Source data
((

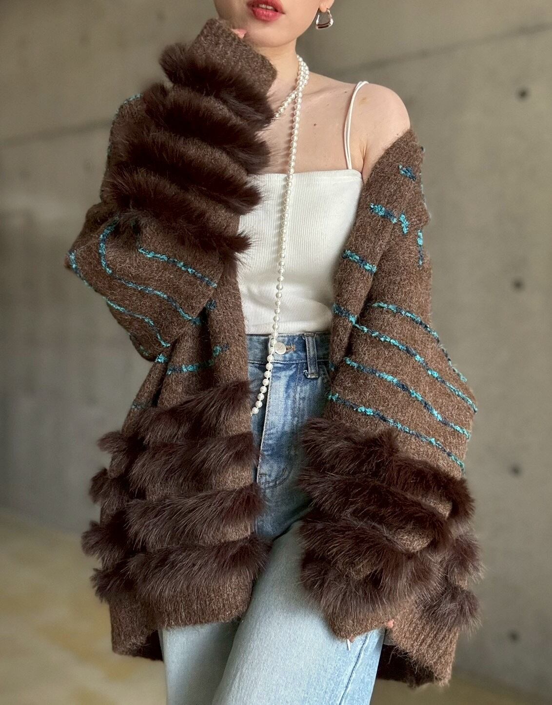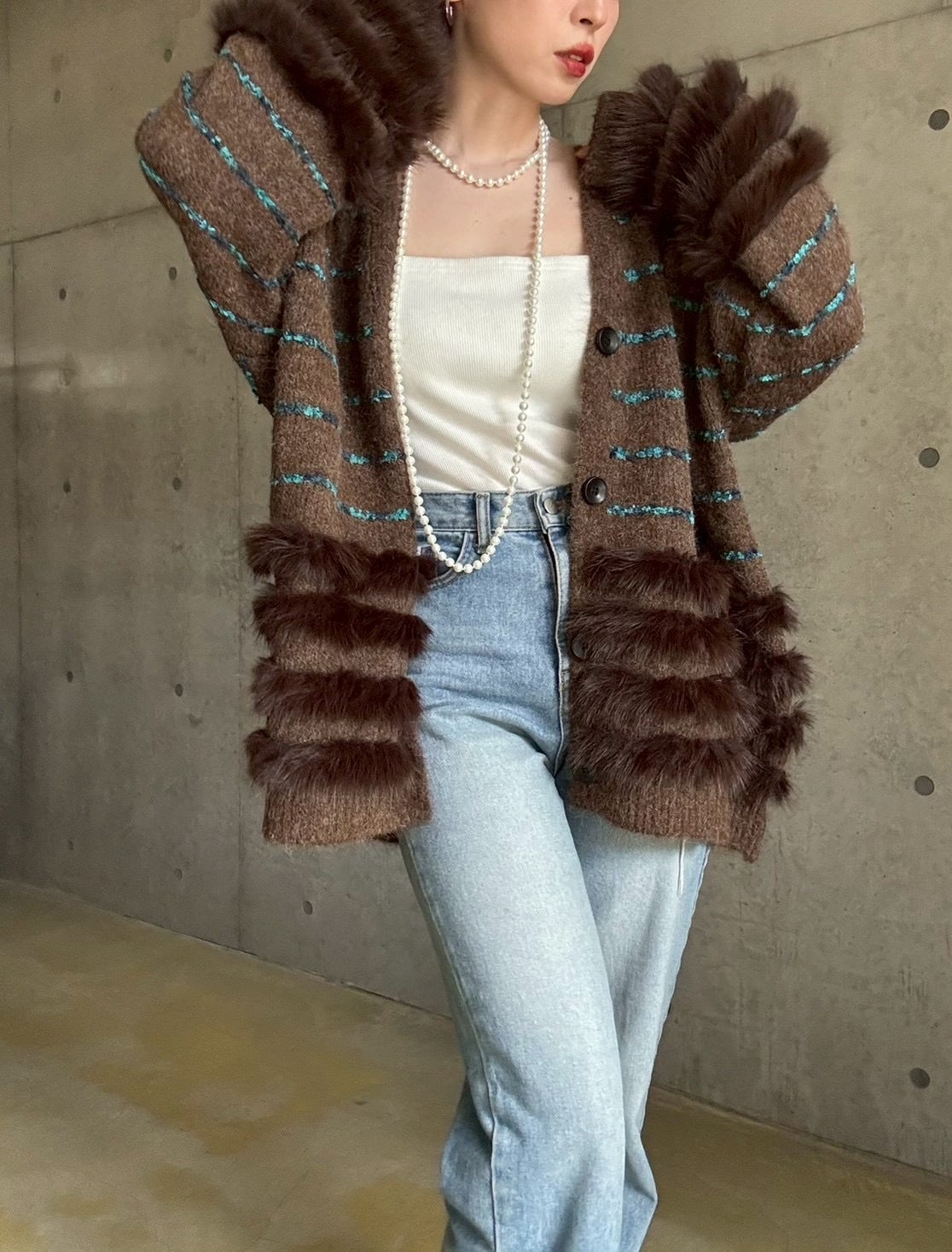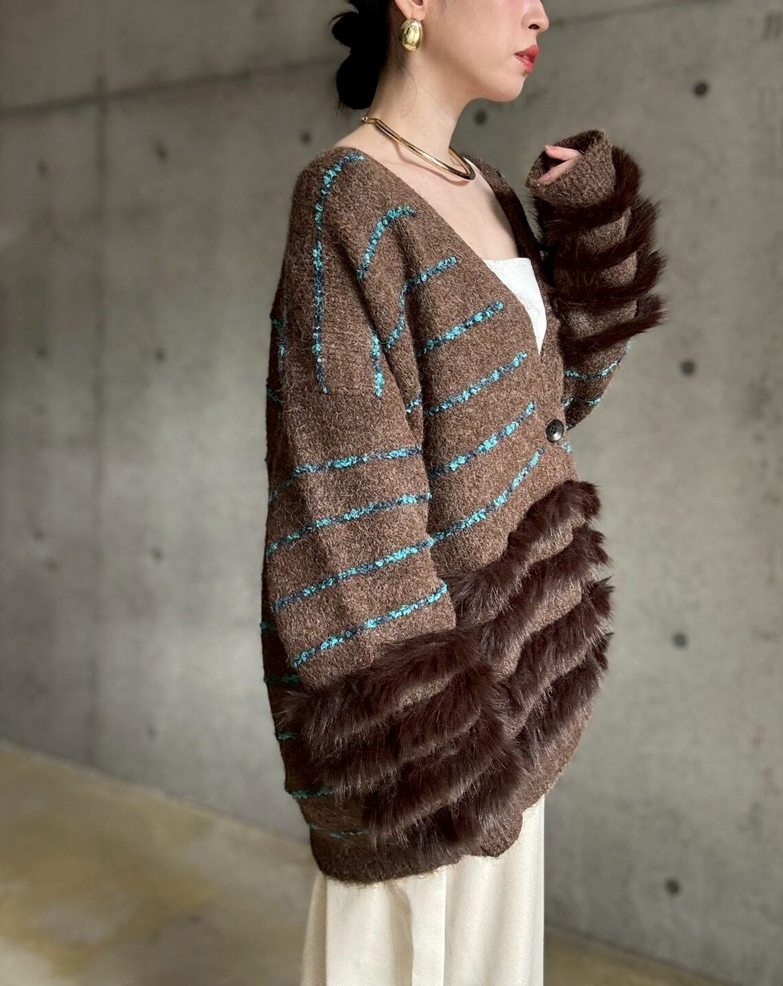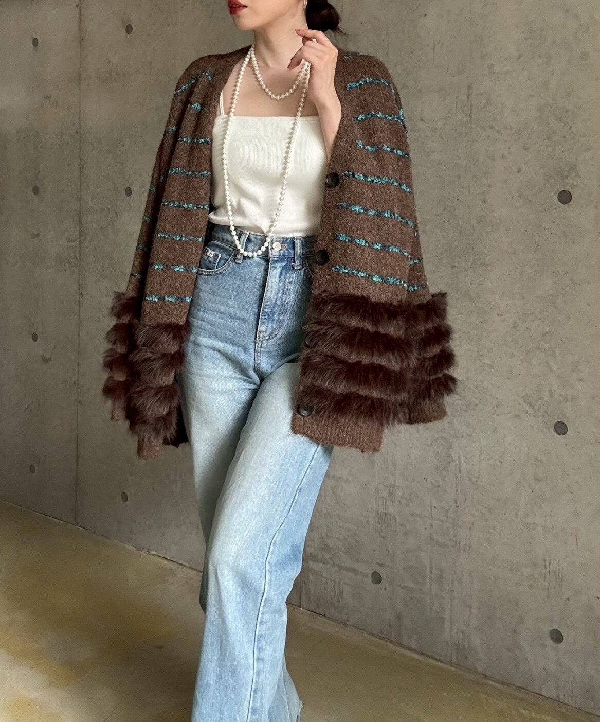 肌触りの良いファーをあしらったボリュームカーディガン✨
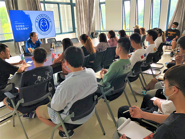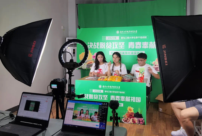 为了确保直播活动顺利进行,自7月初启动仪式开始,学校多次开展了电商直播技能培训会。各学院成员分工明确,精准联系52个贫困县,对接当地农户并收集货源。此外,成员们亲自品尝所收到的农副产品,对所收集到的货源层层把关,并对其口感、功效等方面做了深入了解。通过反复的技能培训、小组讨论与求精,以及试播,最后初步掌握了直播带货技能与技巧。
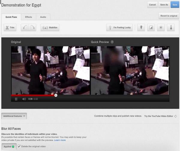 'Независимо от того, хотите ли вы поделиться секретными протестными видео без обнародования лиц протестующих активистов, или же поделиться видео, как вам 8-летний сын занимается спортом, наша технология размывки лиц - это первый шаг навстречу новому поколению анонимных видео на YouTube', - говорит Аманда Конвей, представитель YuoTube.
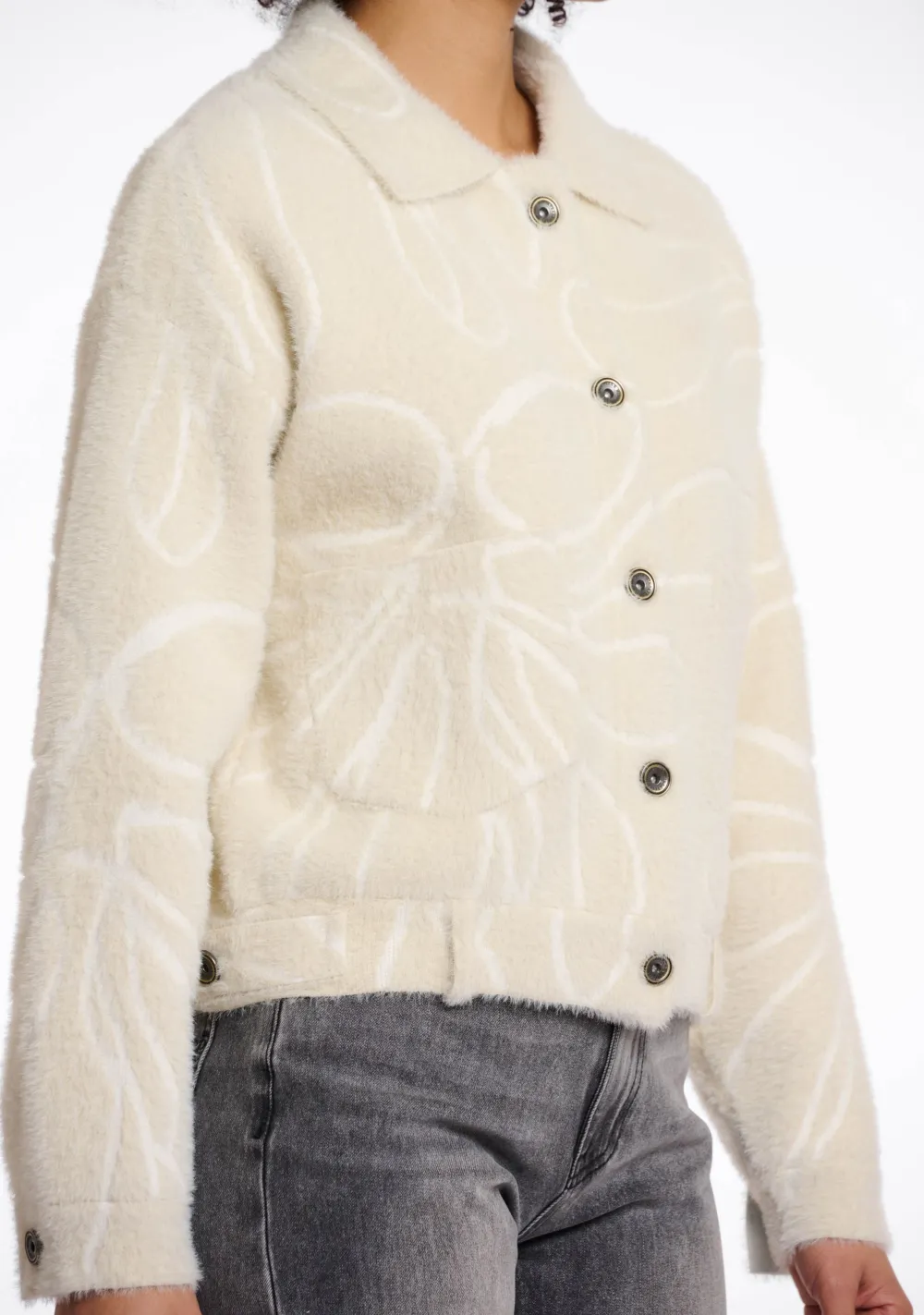 – Het model is 1.76m lang en draagt maat S
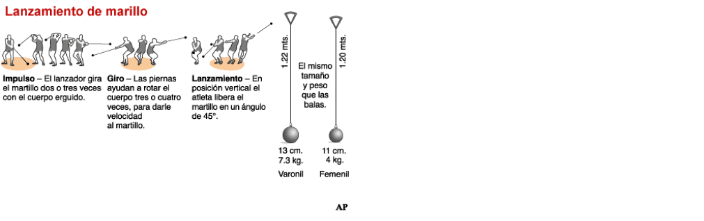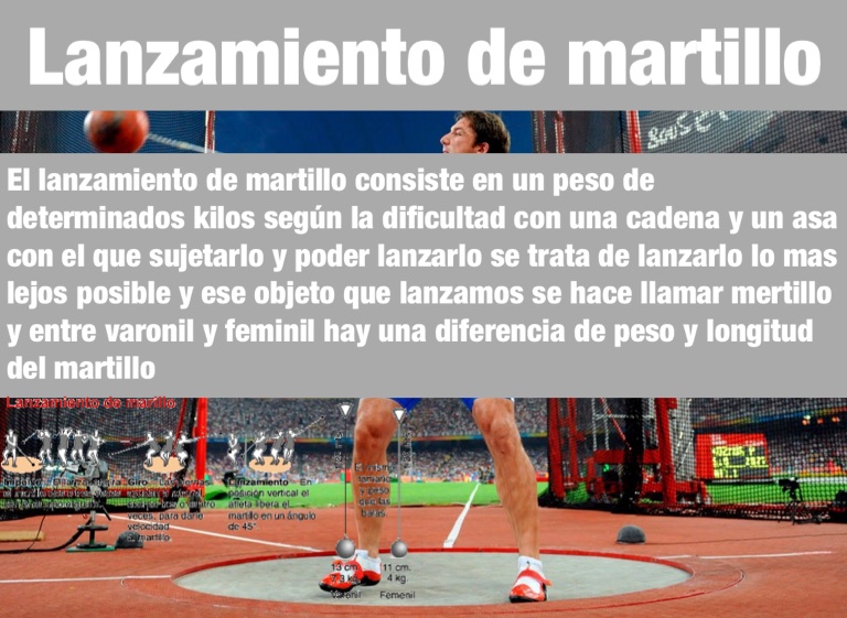 El lanzamiento de martillo consiste en un peso de determinados kilos según la dificultad con una cadena y un asa con el que sujetarlo y poder lanzarlo se trata de lanzarlo lo mas lejos posible y ese objeto que lanzamos se hace llamar mertillo y entre varonil y feminil hay una diferencia de peso y longitud del martillo
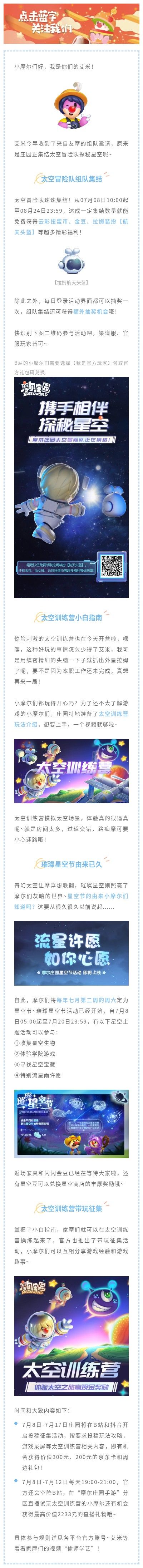 掌握了小白指南,家摩们就可以在太空训练营操练起来了,官方也推出了带玩征集活动,小摩尔们可以互相分享游戏经验和游戏趣事~

))

__EXERCISE OBJECTIVE__. Please retype the data exactly, but do not carry over any picture.

__SOLUTION__.
 肌触りの良いファーをあしらったボリュームカーディガン✨
 为了确保直播活动顺利进行,自7月初启动仪式开始,学校多次开展了电商直播技能培训会。各学院成员分工明确,精准联系52个贫困县,对接当地农户并收集货源。此外,成员们亲自品尝所收到的农副产品,对所收集到的货源层层把关,并对其口感、功效等方面做了深入了解。通过反复的技能培训、小组讨论与求精,以及试播,最后初步掌握了直播带货技能与技巧。
 'Независимо от того, хотите ли вы поделиться секретными протестными видео без обнародования лиц протестующих активистов, или же поделиться видео, как вам 8-летний сын занимается спортом, наша технология размывки лиц - это первый шаг навстречу новому поколению анонимных видео на YouTube', - говорит Аманда Конвей, представитель YuoTube.
 – Het model is 1.76m lang en draagt maat S
 El lanzamiento de martillo consiste en un peso de determinados kilos según la dificultad con una cadena y un asa con el que sujetarlo y poder lanzarlo se trata de lanzarlo lo mas lejos posible y ese objeto que lanzamos se hace llamar mertillo y entre varonil y feminil hay una diferencia de peso y longitud del martillo
 掌握了小白指南,家摩们就可以在太空训练营操练起来了,官方也推出了带玩征集活动,小摩尔们可以互相分享游戏经验和游戏趣事~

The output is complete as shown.